Chapter 1
Cinderella
.
.
.
Jaman dahulu kala di sebuah negeri antah berantah, hiduplah seorang pemuda bersama ayah tiri dan dua saudara tirinya. Sedangkan orang tua kandung pemuda itu telah meninggal. Ibunya meninggal saat dia masih berusia tujuh tahun. Dan dua tahun kemudian, ayahnya menikah lagi dengan seorang lelaki yang memiliki dua putra dari pernikahan sebelumnya.
Salah satu putranya berusia empat tahun lebih tua darinya, sedangkan putra lainnya dua tahun lebih muda darinya. Di awal pernikahan ayahnya, pemuda itu merasa bahagia karena akhirnya dia mempunyai keluarga yang lengkap lagi. Dia bahkan memiliki saudara yang belum pernah dia miliki sebelumya.
Namun semua itu berubah setelah ayah kandung pemuda itu meninggal. Diusianya yang ke-lima belas, ayah kandung pemuda itu meninggal karena sakit paru-paru yang dideritanya sejak tiga tahun terakhir. Ayahnya meninggalkan rumah, perkebunan dan warisan untuknya, namun karena dia masih dibawah umur ayah tirinya lah yang mengurus semuanya.
Dia berhak mewarisi semuanya setelah dia menginjak usia dewasa yaitu dua puluh tahun. Ayah dan saudara tirinya juga mendapat bagian warisan. Namun mereka baru berhak mendapatkan warisan tersebut setelah si pemuda beranjak dewasa dan atas persetujuannya.
Sikap ayah tirinya yang dulu selalu memanjakannya, kini berubah seratus delapan puluh derajat semenjak ayah kandungnya meninggal. Sikap baik dan rasa sayangnya selama ini hanya kepura-puraan semata. Setelah kematian ayah kandungnya, ayah tirinya mulai memperlakukannya semena-mena. Ayah tirinya memecat semua pembantu dirumah itu dengan alasan pemborosan. Kemudian dia menyuruh pemuda itu yang mengerjakan pekerjaan rumah.
"JIHOON!" Teriak Jisung dari ruang tengah.
"Kenapa ruangan ini berantakan sekali? Apa kau tidak membereskannya?" raungan Jisung menggema di ruangan itu. Ditunggunya selama beberapa saat, tapi tidak ada jawaban dari si pemuda.
"JIHOON! APA KAU TULI? KENAPA KAU TIDAK MENJAWABKU HAH!" Urat-urat kini tampak menonjol jelas di leher Jisung.
"Aduh ayah, kenapa pagi-pagi kau berisik sekali?

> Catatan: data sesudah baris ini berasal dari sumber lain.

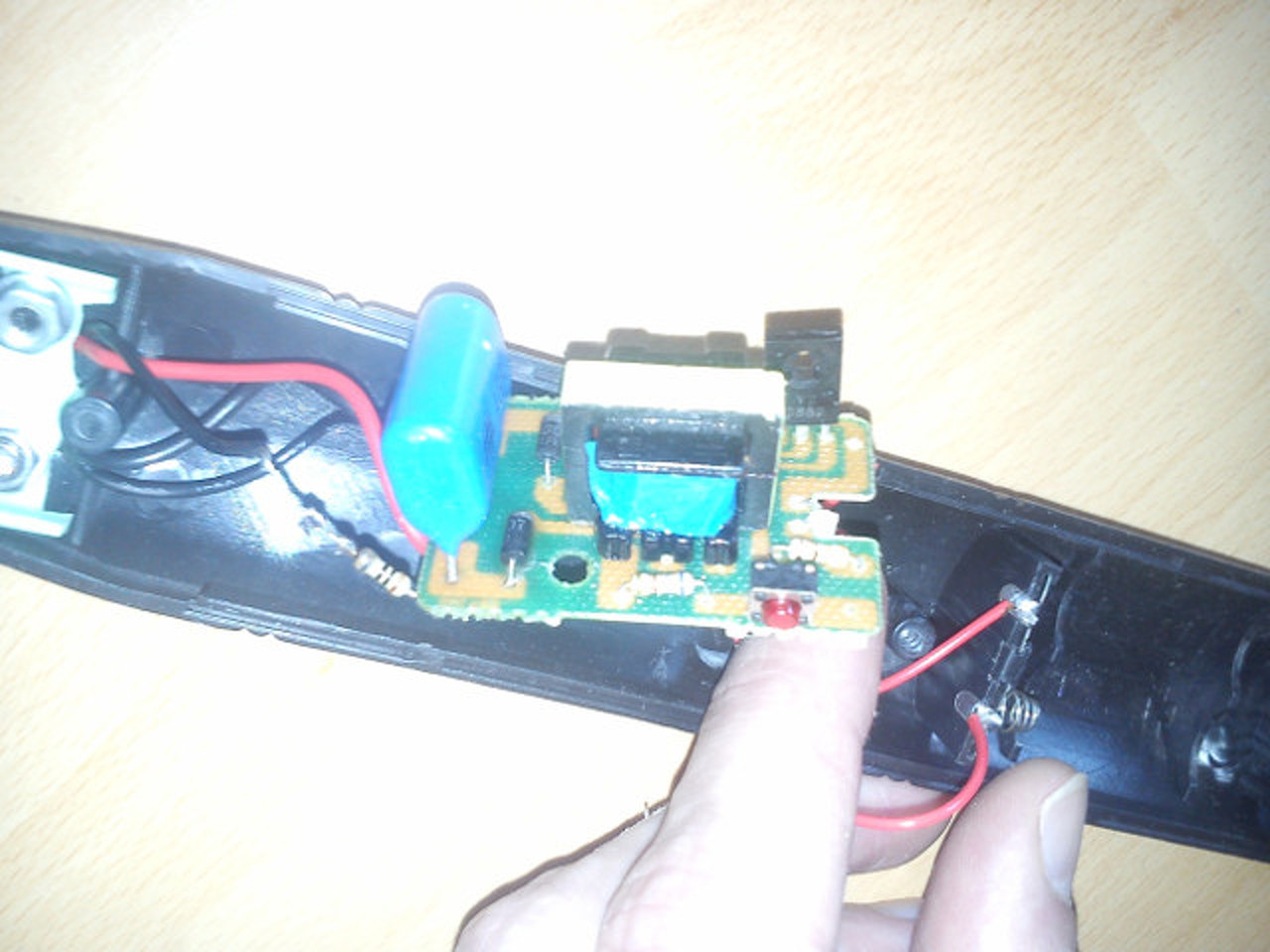 A minap vettem egy elektromos rovarölőt nagyon kedvező áron. Kapásból szétrobbantottam, mert a gyári kábel kevés volt. Még szerencse, hogy szétszedtem, mert a hálózati csatlakozás ki volt esve, elengedte a forrasztás. Lefényképeztem, ha már úgy is szét van szedve. Nincs agyonbonyolítva, de most se időm se kedvem nem volt visszarajzolni. Felteszem a képeket, aztán ha úgy van időm és kedvem, akkor visszarajzolom a kapcsolást.
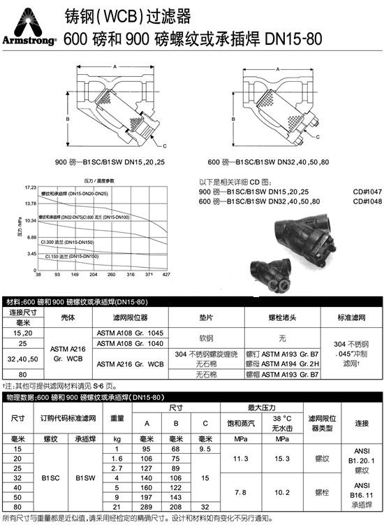 272kg和408kg的螺紋或承插焊過濾器,12.7mmC76mm
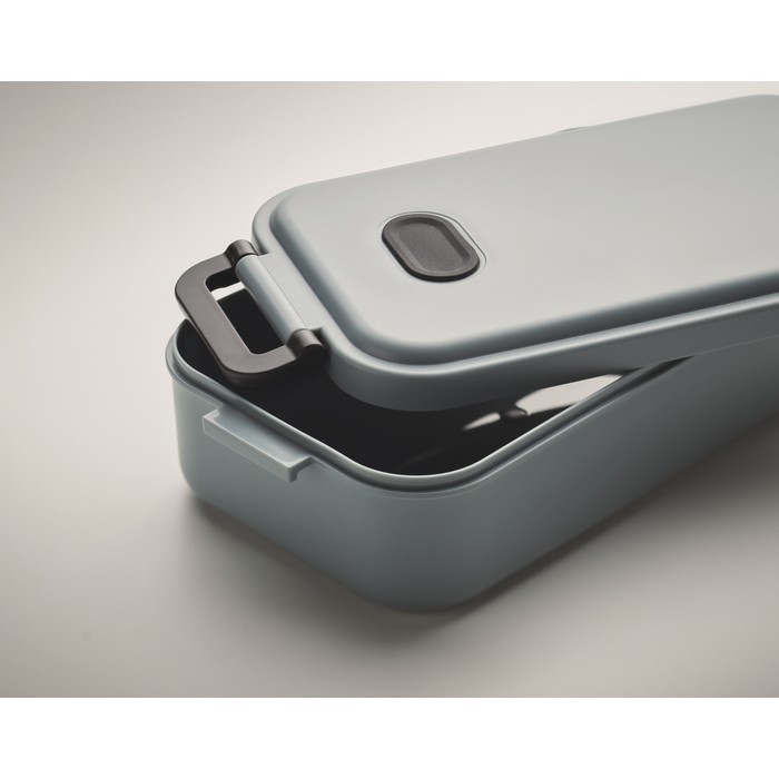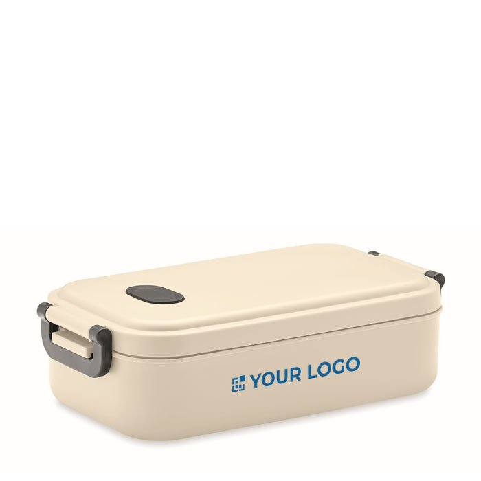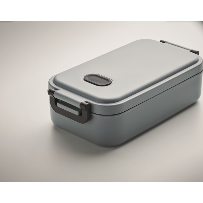 Fabricada en plástico PP reciclado, esta fiambrera de 800 ml de capacidad es un regalo original, útil y práctico para aquellos trabajadores que comen en la oficina o fuera de casa. Destaca, principalmente, por su tapa hermética con válvula de silicona y dos cierres laterales, la cual evita derrames o aperturas inesperadas y permite que el recipiente pueda ponerse en el microondas. Personalizable con tu logo tanto en la tapa como en los laterales, es apta para lavavajillas. Sin embargo, te recomendamos consultar con atención al cliente hasta qué punto es compatible con dicho electrodoméstico la impresión que le apliques.
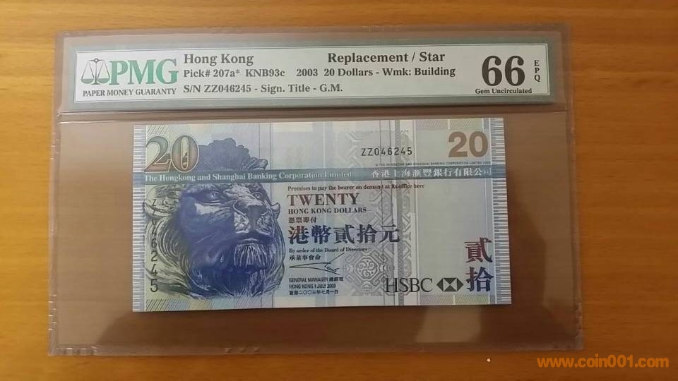2003年 ,香港上海匯豐銀行,貳拾元,補(bǔ)版,ZZ,046245,PMG,66,EPQ      300元
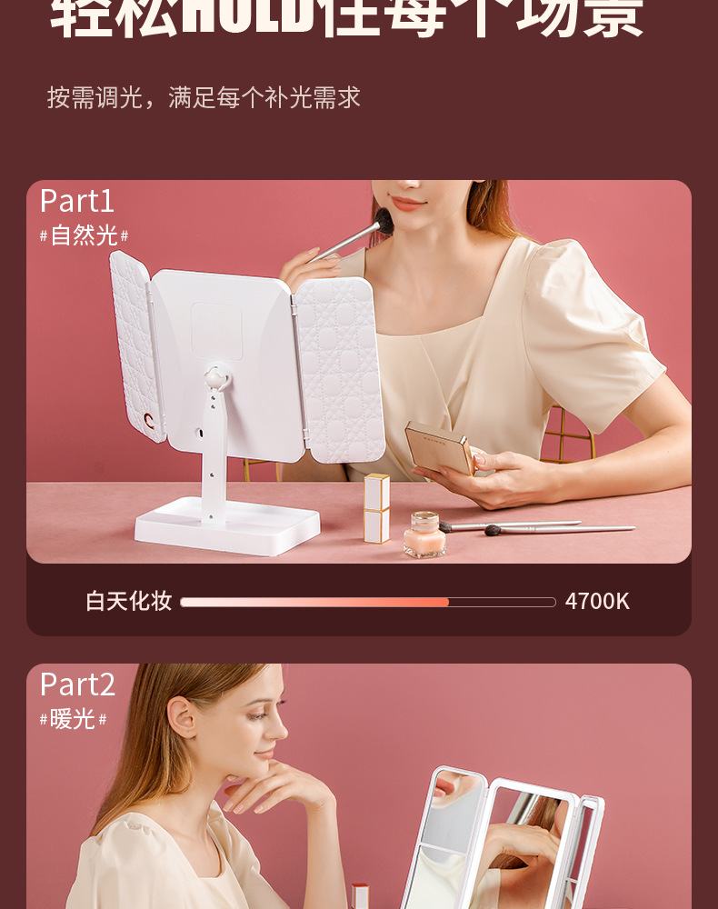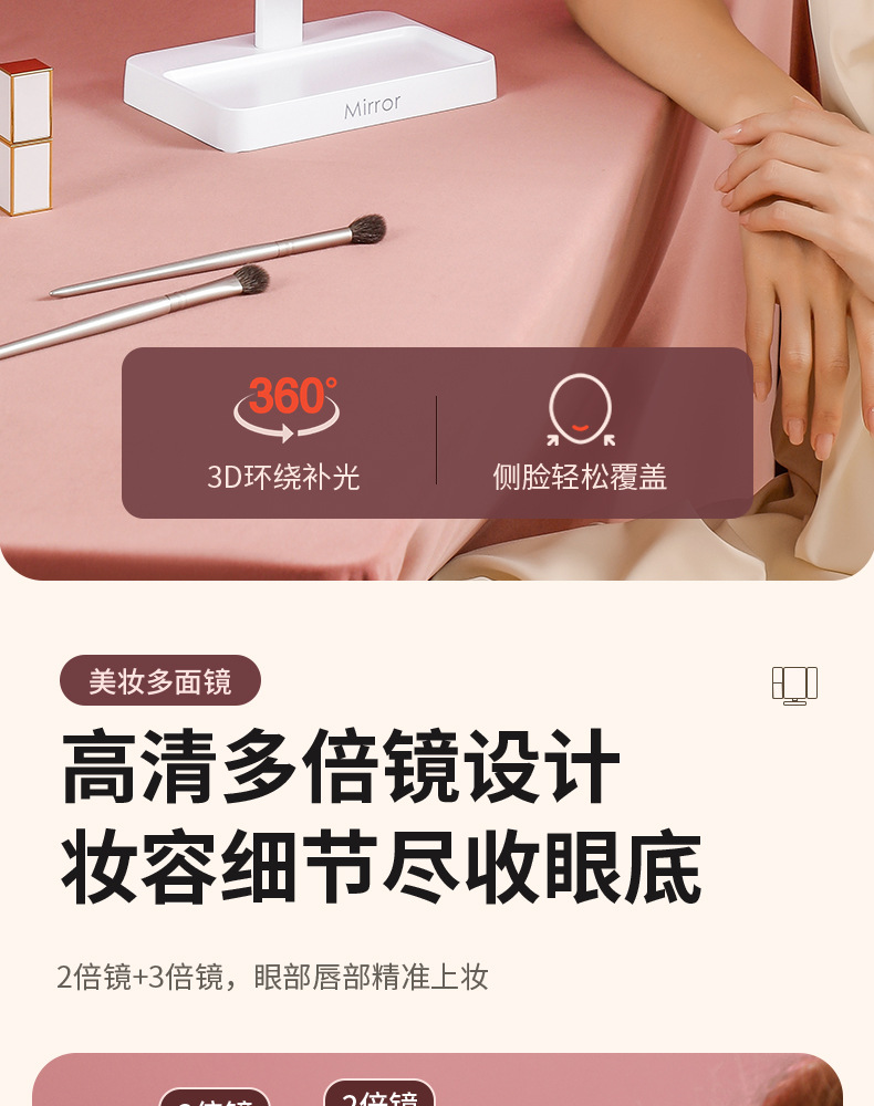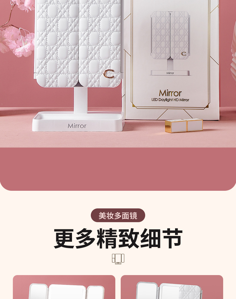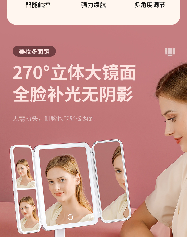 portable make-up mirror multifunctional led light cosmetic mirror home dormitory foldable shell mirror advanced sense for girls
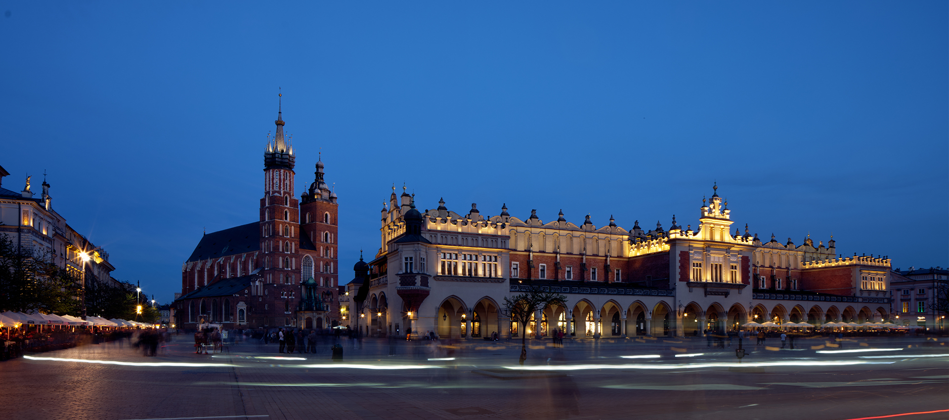 The Kraków Market Square was laid out in 1257 during the establishment of the city under Magdeburg Law. Its monumental dimensions, 200 by 200 meters, make it one of the largest town squares in Europe. Over the centuries, it has witnessed many key historical events, such as royal coronations, important state and religious ceremonies, as well as tragic moments, including invasions and destruction. In the Middle Ages, the Market Square was the main trading hub where merchants from all over the world gathered to exchange goods, news, and experiences. The central point of the square has always been the Cloth Hall (Sukiennice), which served as a trading hall and today houses a museum and numerous souvenir shops. It is also worth mentioning the Town Hall, which for centuries dominated the square, with its tower being the only remaining part of the building demolished in the 19th century.
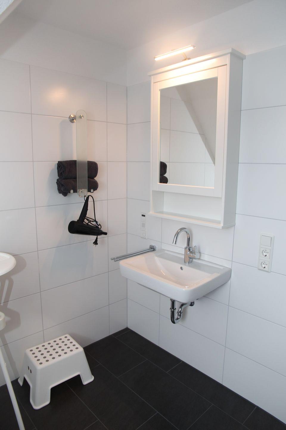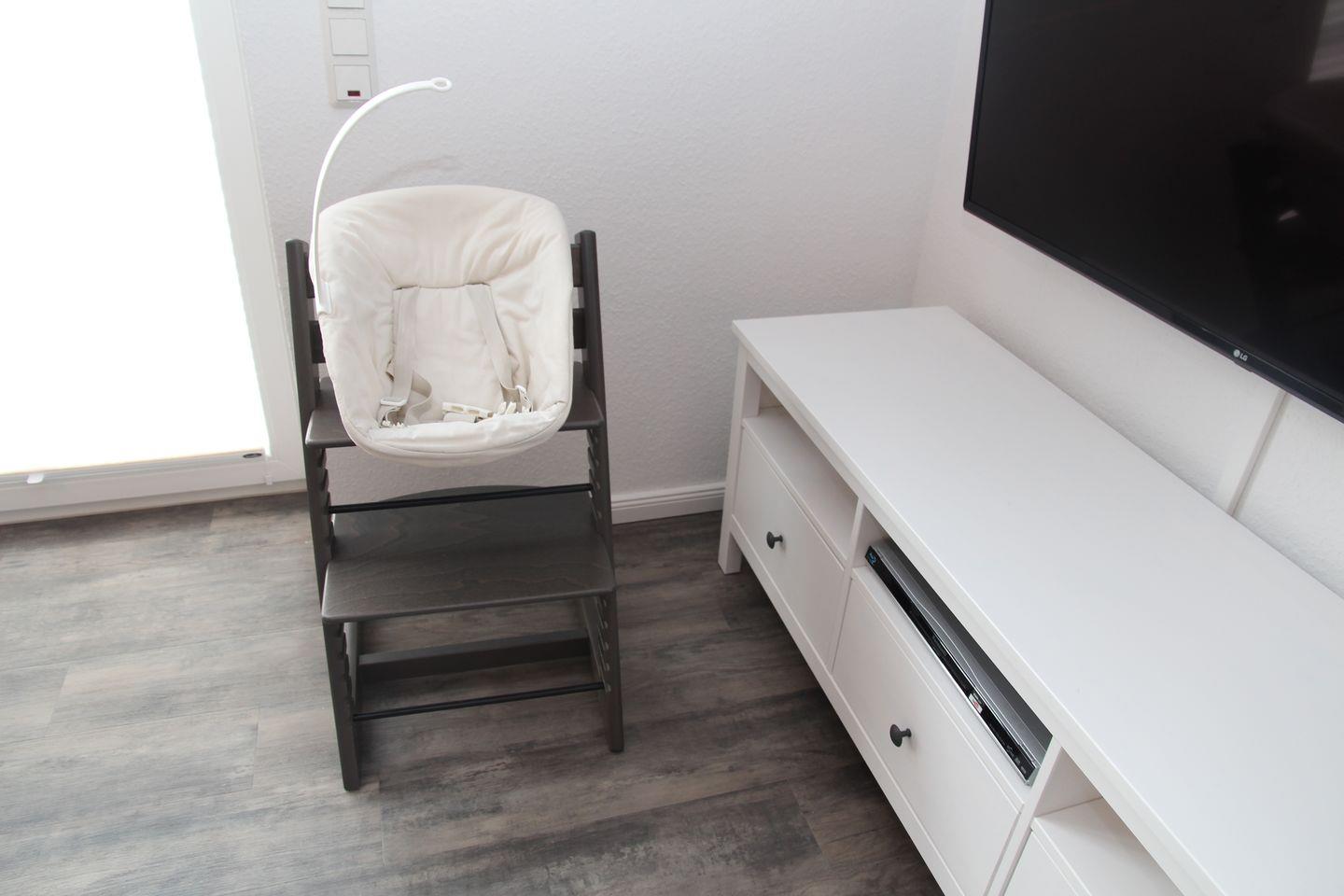 Im Erdgeschoss befindet sich ein moderner Wohn-Essbereich mit moderner, komplett ausgestatteter Küche mit Geschirrspülmaschine, Kühlschrank mit Gefrierfach, Mikrowelle, Cerankochfeld, Kaffee-/Filter-/Padmaschine, Toaster, Mixer u.v.m. Ein großer Esstisch mit 6 Stühlen sowie einem Kinderhochstuhl (mit Babyschale) steht für gemütliche Familienzusammenkünfte zur Verfügung. Ein Sofa für zwei Personen und zwei große gemütliche Ohrensessel laden zum Verweilen ein. Desweiteren befindet sich im EG ein kleines Badezimmer mit Dusche und ein kleines Schlafzimmer mit einem Doppelbett und Kleiderschrank .
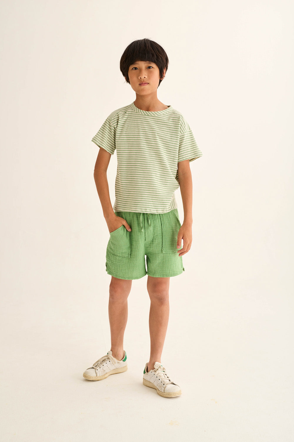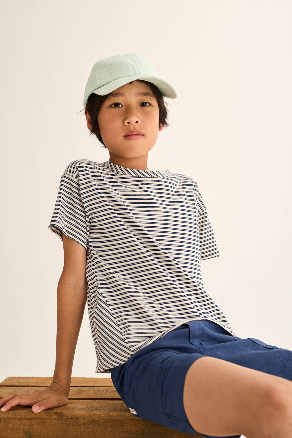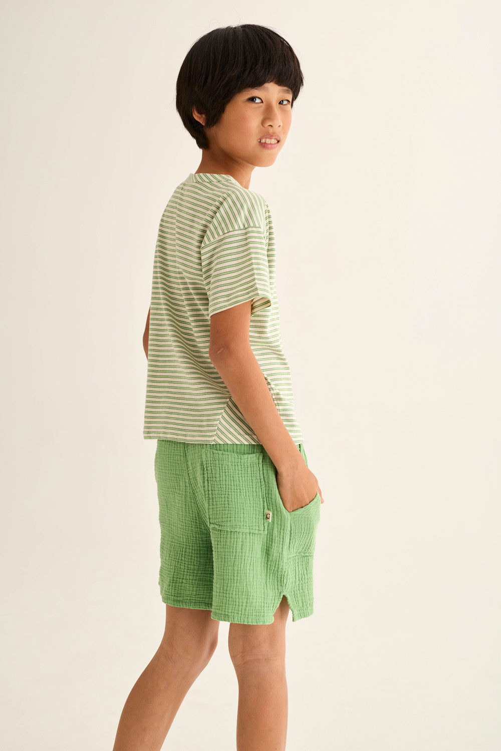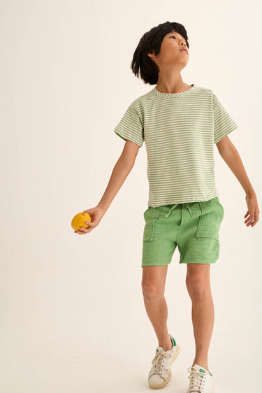 Boys’ striped T-shirt made from super breathable slub cotton. It features a round neckline, dropped shoulders with slightly forward seams, short sleeves, a chest patch pocket with diagonal stripes, and triangle inserts on the sides for a comfortable fit.

Ini kan hari Minggu, kau menggangu tidur cantikku!"
Seorang pemuda menggerutu keluar dari kamarnya dengan keadaan yang tampak masih mengantuk. Matanya masih setengah terpejam dan jalannya pun terseret-seret.
"Dasar bocah kurang ajar! Berani-beraninya kau mengataiku berisik. Kenapa ruangan ini berantakan? Playstationmu bahkan masih menyala. Dan cd games mu berserakan dimana-mana. Kenapa tidak kau bereskan? Sampai jam berapa kau bermain games semalam?"
Jihoon yang diberondong pertanyaan dan teriakan bertubi-tubi itu hanya menguap sembari menggeliatkan badannya.
"Sudah biarkan saja, nanti aku akan main lagi. Jangan di matikan, levelku sudah jauh, aku tidak mau mengulanginya lagi," jawab Jihoon enteng.
"JIHOON HYUNG! Dimana jaketku yang baru kubeli minggu lalu?"
Suara cempreng menginterupsi pertikaian mereka. Seorang pemuda berperawakan kurus kecil dengan rambut pirangnya datang sambil berkacak pinggang.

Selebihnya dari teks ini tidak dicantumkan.